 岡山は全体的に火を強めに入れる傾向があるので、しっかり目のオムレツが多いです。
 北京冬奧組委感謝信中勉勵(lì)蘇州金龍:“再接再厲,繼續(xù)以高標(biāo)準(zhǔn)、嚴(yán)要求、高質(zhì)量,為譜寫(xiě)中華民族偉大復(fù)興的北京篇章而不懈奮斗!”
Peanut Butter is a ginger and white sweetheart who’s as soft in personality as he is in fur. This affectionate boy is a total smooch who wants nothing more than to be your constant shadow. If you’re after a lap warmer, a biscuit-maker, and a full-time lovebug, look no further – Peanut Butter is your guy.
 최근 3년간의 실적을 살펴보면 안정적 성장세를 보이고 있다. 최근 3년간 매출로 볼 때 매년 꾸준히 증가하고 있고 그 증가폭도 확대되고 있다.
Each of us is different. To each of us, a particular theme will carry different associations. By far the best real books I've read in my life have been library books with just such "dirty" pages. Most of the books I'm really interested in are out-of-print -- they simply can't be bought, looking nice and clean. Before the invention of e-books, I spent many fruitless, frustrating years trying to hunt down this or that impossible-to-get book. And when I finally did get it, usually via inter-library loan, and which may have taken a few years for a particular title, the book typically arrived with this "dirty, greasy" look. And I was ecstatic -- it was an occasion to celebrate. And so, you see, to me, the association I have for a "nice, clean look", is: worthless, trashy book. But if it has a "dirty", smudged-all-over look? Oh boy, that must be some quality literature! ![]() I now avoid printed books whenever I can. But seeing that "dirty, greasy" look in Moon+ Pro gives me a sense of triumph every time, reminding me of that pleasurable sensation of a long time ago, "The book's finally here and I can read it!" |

* * *

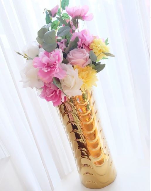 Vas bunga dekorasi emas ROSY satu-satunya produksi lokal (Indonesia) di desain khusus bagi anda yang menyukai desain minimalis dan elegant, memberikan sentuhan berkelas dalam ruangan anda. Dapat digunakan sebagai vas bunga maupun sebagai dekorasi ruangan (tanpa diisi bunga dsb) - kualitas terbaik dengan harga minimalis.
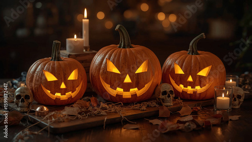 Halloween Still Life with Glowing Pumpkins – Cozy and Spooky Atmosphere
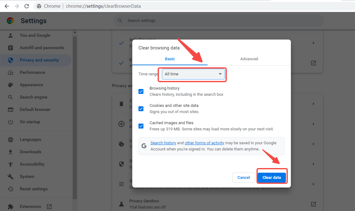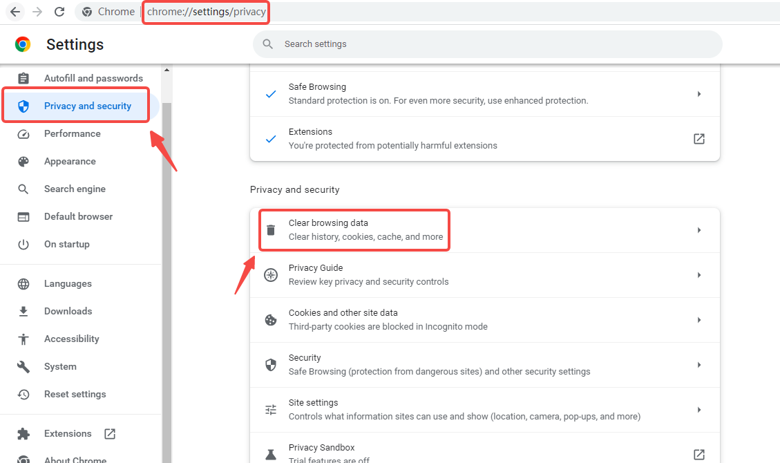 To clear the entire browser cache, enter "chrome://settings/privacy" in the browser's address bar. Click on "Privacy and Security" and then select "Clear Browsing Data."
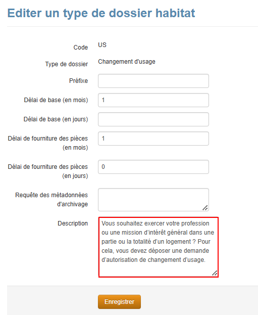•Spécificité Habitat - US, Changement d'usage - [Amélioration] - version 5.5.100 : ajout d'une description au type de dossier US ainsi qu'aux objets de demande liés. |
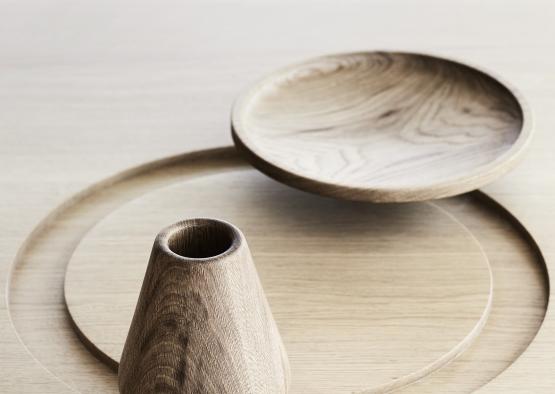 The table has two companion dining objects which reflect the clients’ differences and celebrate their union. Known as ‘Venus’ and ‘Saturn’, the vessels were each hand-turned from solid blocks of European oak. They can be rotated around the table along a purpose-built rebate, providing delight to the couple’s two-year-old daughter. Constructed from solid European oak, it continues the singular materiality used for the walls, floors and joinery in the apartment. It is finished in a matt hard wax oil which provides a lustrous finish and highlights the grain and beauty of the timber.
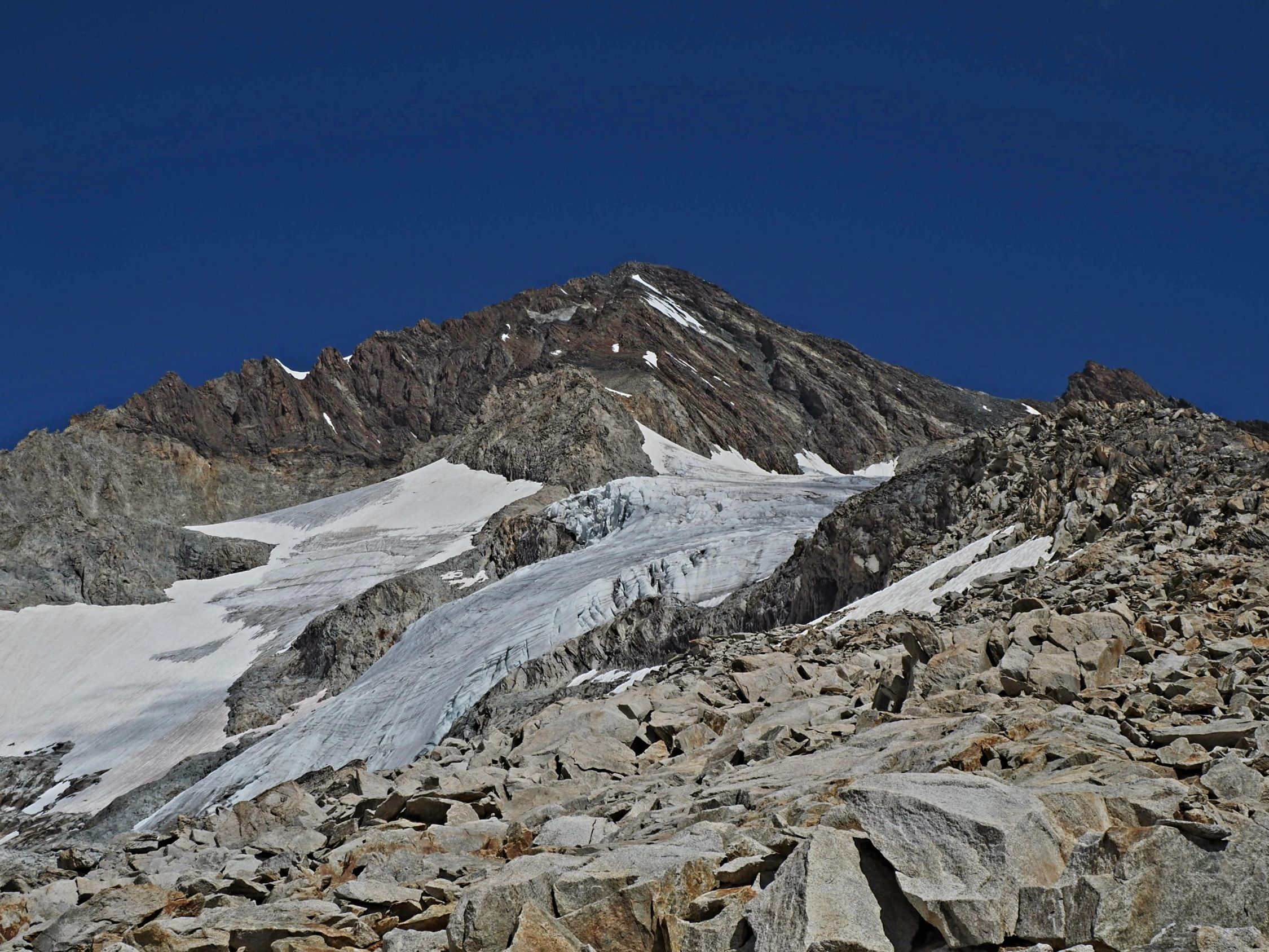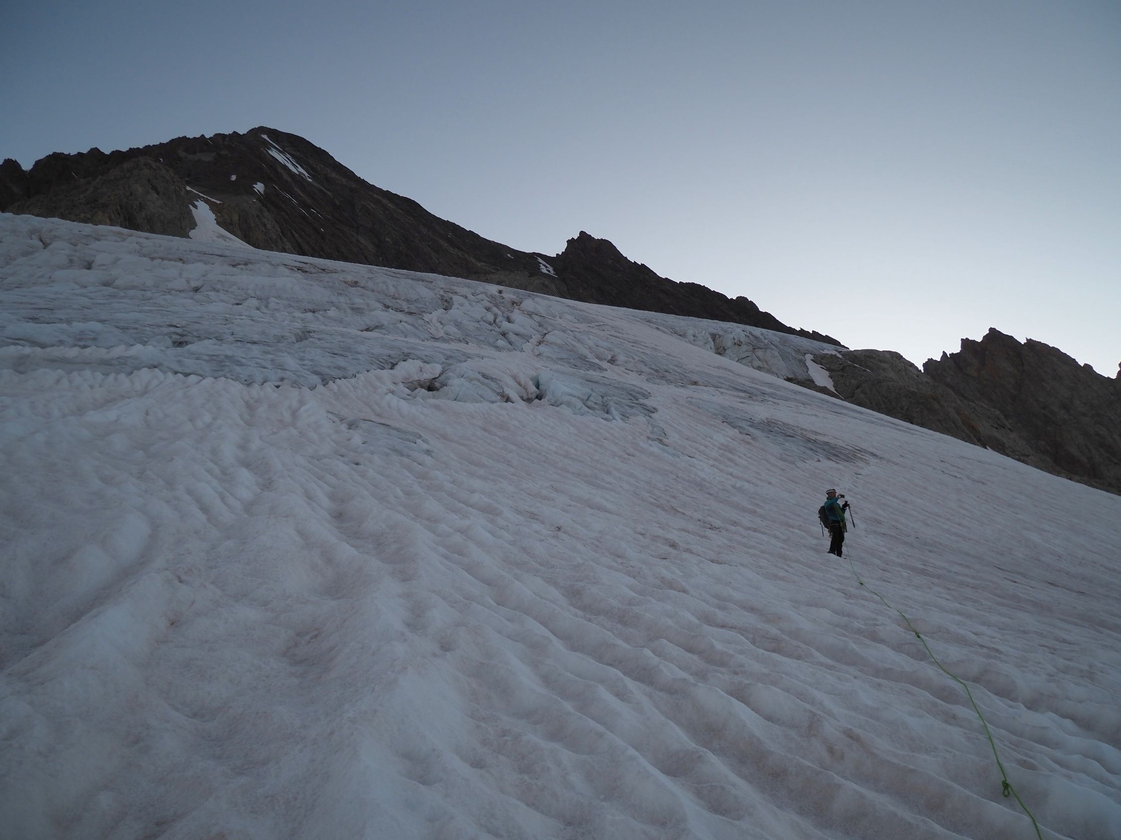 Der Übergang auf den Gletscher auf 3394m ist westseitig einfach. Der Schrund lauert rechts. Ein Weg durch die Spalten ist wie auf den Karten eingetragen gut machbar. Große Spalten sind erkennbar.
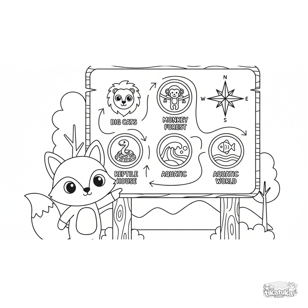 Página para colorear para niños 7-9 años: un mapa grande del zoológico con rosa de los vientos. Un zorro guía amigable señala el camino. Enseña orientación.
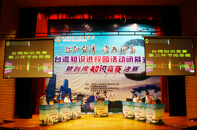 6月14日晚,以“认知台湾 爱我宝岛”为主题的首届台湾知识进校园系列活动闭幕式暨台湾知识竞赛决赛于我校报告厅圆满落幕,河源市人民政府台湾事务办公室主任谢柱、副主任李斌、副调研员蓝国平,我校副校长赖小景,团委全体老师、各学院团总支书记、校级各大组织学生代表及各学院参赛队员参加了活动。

...

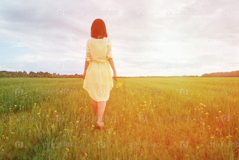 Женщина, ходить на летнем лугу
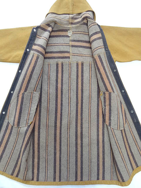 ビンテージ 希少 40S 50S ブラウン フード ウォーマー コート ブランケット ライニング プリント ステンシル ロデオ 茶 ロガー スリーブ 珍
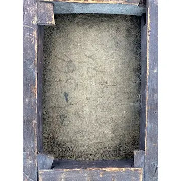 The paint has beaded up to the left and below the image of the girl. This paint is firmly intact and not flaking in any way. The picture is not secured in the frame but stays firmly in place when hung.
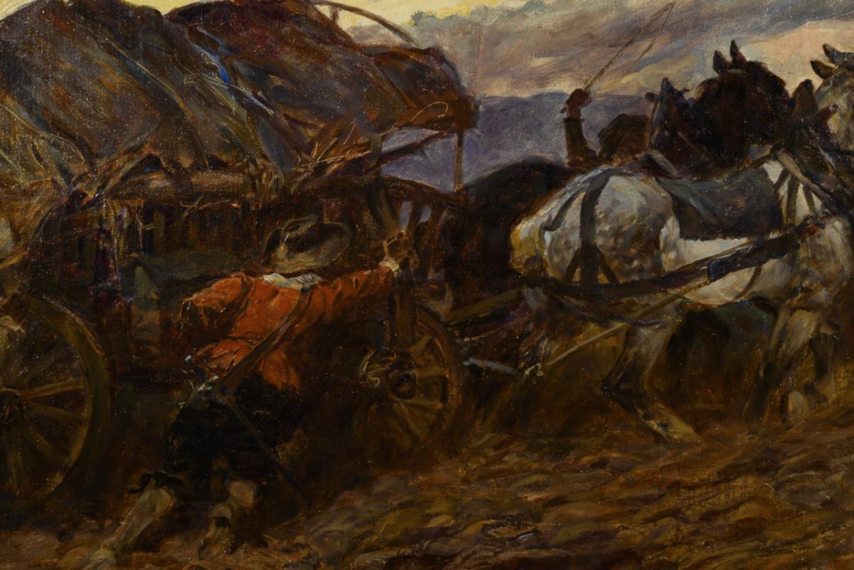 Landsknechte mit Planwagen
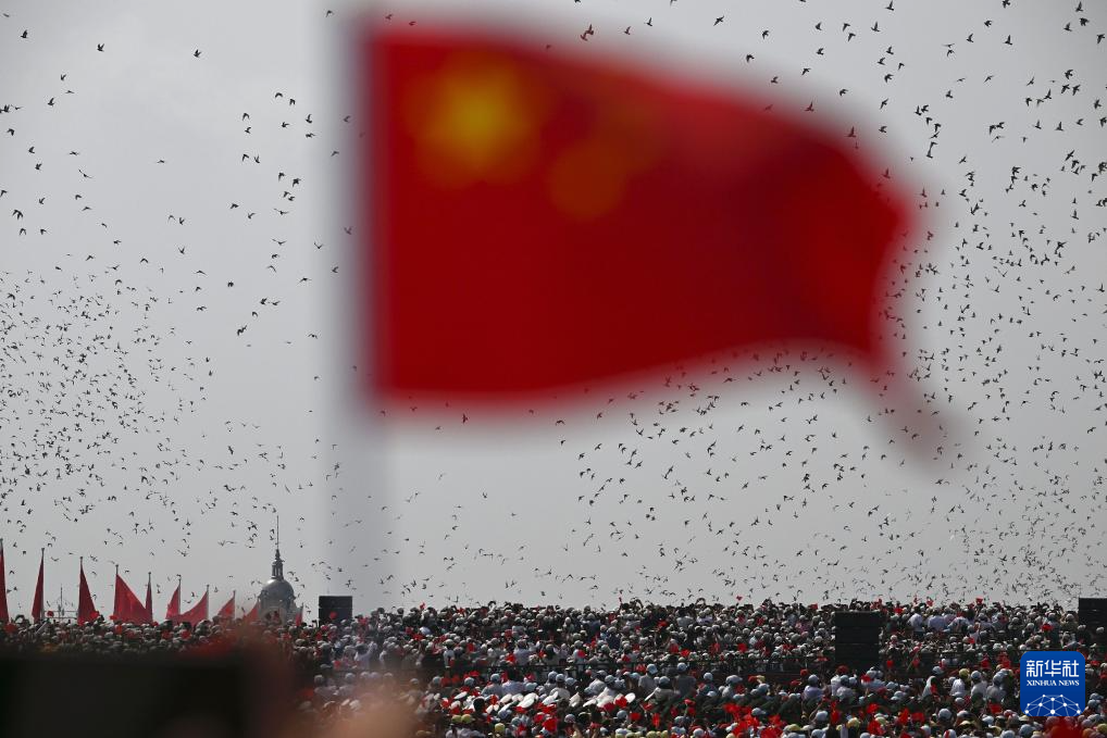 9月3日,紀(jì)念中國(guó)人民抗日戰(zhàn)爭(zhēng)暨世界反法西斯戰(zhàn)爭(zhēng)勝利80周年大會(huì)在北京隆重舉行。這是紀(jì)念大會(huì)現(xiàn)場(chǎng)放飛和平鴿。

▶ **The task**
In the material above, transcribe exactly the lines beginning at the one with "岡山は全体的に火を強めに入れる傾向があるので、しっかり目のオムレツが多いです。" and ending at the one with "최근 3년간의 실적을", both included.

▶ **Result of this task**
 岡山は全体的に火を強めに入れる傾向があるので、しっかり目のオムレツが多いです。
 北京冬奧組委感謝信中勉勵(lì)蘇州金龍:“再接再厲,繼續(xù)以高標(biāo)準(zhǔn)、嚴(yán)要求、高質(zhì)量,為譜寫(xiě)中華民族偉大復(fù)興的北京篇章而不懈奮斗!”
Peanut Butter is a ginger and white sweetheart who’s as soft in personality as he is in fur. This affectionate boy is a total smooch who wants nothing more than to be your constant shadow. If you’re after a lap warmer, a biscuit-maker, and a full-time lovebug, look no further – Peanut Butter is your guy.
 최근 3년간의 실적을 살펴보면 안정적 성장세를 보이고 있다. 최근 3년간 매출로 볼 때 매년 꾸준히 증가하고 있고 그 증가폭도 확대되고 있다.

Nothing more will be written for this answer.